By Hilda Parks
Hotels opened and closed during the early years of development of Mankato, with names like Washington House (1856-1897), Union House (1857-1885), Clifton House (1860) or City Hotel (1869).
The first bona fide hotel in the city is considered to be the Mankato House at South Front and Hickory, opened in 1855. However, earlier pioneers may have stayed at the Mankato City Hotel, opened in 1853 by Edwin Howe, the first sheriff of Blue Earth County. Located on what would become North Front, it provided minimal housing and guests needed to supply their own bedding. Men slept in the attic, women on the lower floor.
Mankato House offered more services, becoming the place for social and political gatherings in the city. It was two stories high, thirty-two feet by fifty feet, with a one-story addition for the proprietor’s family. The millwork was done in St. Paul and shipped by boat to Mankato, along with the men to do the building. Henry Shaubat purchased the building before it was completed for $1200, and had the first story plastered. However, he left the second story as one large room, called “the school section,” which became the sleeping quarters for stage drivers, teamsters, and guests when the hotel was full. The hotel opened with a grand dedication on July 5, 1855. A July 12, 1859 advertisement in the Record noted that the hotel had been refurbished and “the chambers are neatly furnished and comfortable.” Rooms would be available to permanent borders or travelers. Meals “will be provided, at all seasons, with the best the market affords, and the chambers are neatly furnished and comfortable.”

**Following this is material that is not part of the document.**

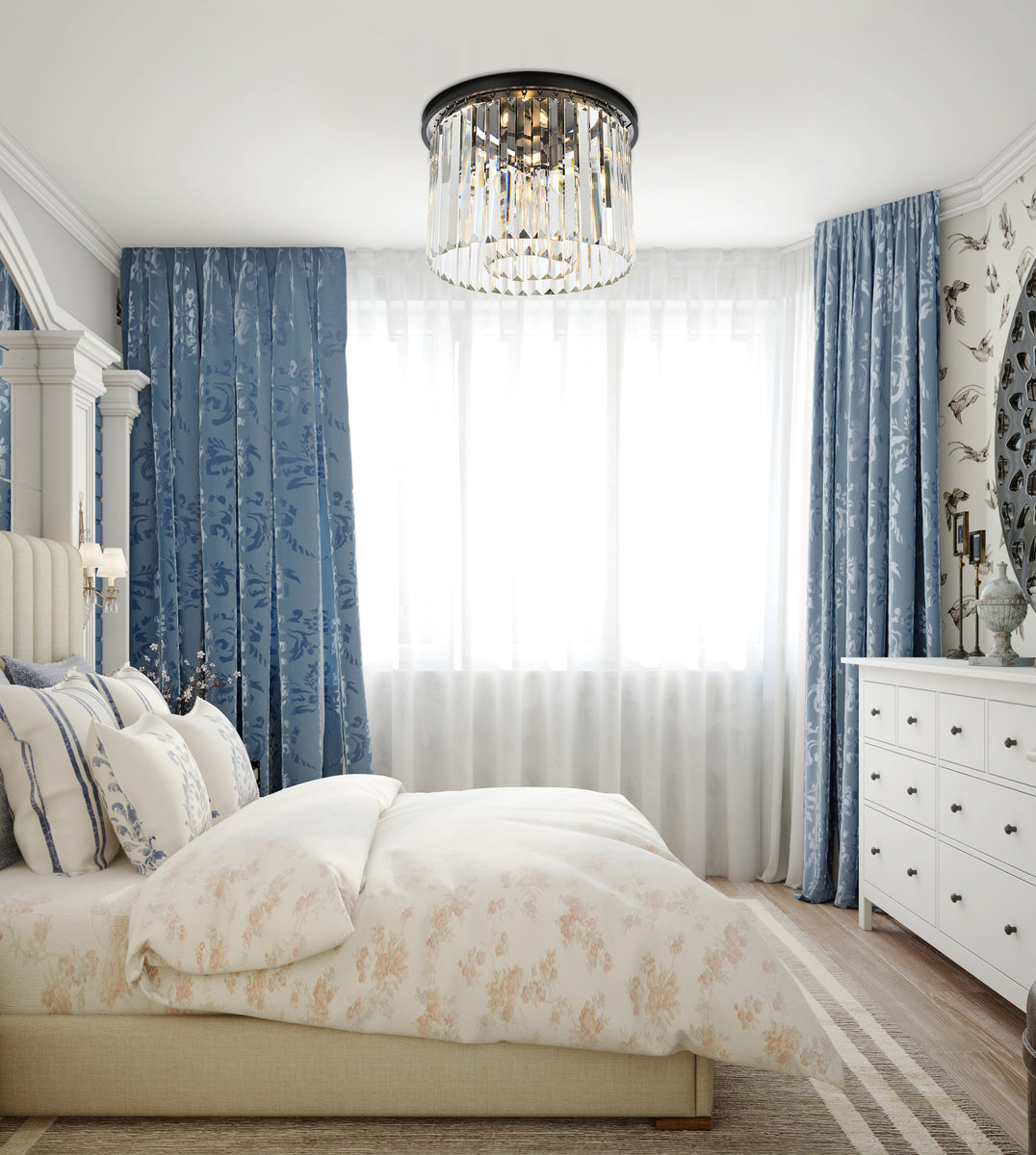 Timeless splendor and modern refinement are brought together in flush-mount Sydney fixtures. Dazzling in dining rooms, staircases, or hallways, the Sydney collection flaunts stunning tiers of royal-cut crystals in clear, golden teak, or Silver shade. A circular Matte Black or polished-nickel finished steel frame adds understated charm to this stunning flush-mount lamp.

Grover C. Burt purchased the business in 1864, and rebuilt the structure in 1870, adding a three-story brick addition in 1881. It became the place to dine in the city. The editor of the Mankato Record Weekly mentioned in 1873 that “The enterprising landlord of the Mankato House, G.C. Burt, has just received a fine lot of silverware, consisting of sugar urns, creamers, butter dished, and syrup mugs – 35 pieces in all, valued at $200.”
Another note in the paper reported that “G.C. Burt, our host at the Mankato House, has our thanks for a delicious breakfast of silver skin eels on Wednesday last. His boarders have no reason to complain of the fare furnished them. Grove is too fond of good living himself to starve his guests.” An extensive menu for Sunday, March 23, 1879 lists thirty-eight entrees, including: baked California salmon, leg of veal, blue-winged teal with jelly, fresh bay lobsters, or spiced buffalo tongue. For dessert, there were thirteen kings of pie, puddings, cakes, fruit and nuts, and even ice cream. The menu was simpler during the week, with the meal costing 37 ½ cents in 1883. Guests paid $2.00 a night for a room.

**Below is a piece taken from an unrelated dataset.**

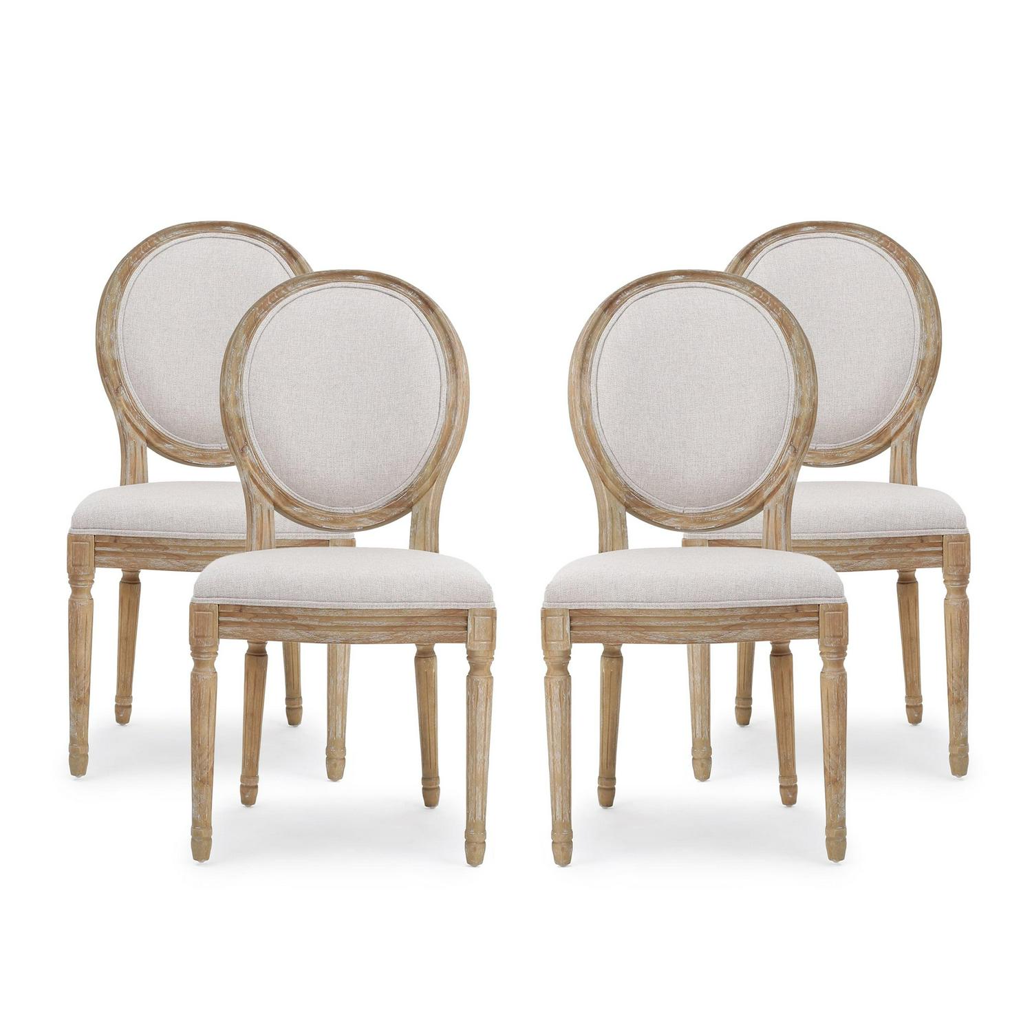 Noble House Karter Indoor French Fabric Dining Chairs, Set of 4, Beige

Newer hotels were being built, including the Saulpaugh (1889), which became the area’s center of social activities. The last meal was served at the Mankato House on March 24, 1890. The building was sold four days later for $80.00, to be torn down.
Enjoyed the hotel article very much. My great grandfather arrived in Mankato in the 1850’s. It’s fun to imagine what life was like in Mankato at that time. Thanks for bringing it to light.
In the summer of 1884 a former pastry cook at the Mankato House, Henry Alexander, murdered a current cook, there, Lycurgus Thornton, because Thornton had married Maggie Jones, of Mankato, a woman that Alexander planned to marry. He was sentenced to life in prison, but Governor McGill commuted the sentence to six years, and Alexander was released December 17, 1890. Many leading citizens of Mankato urged his release.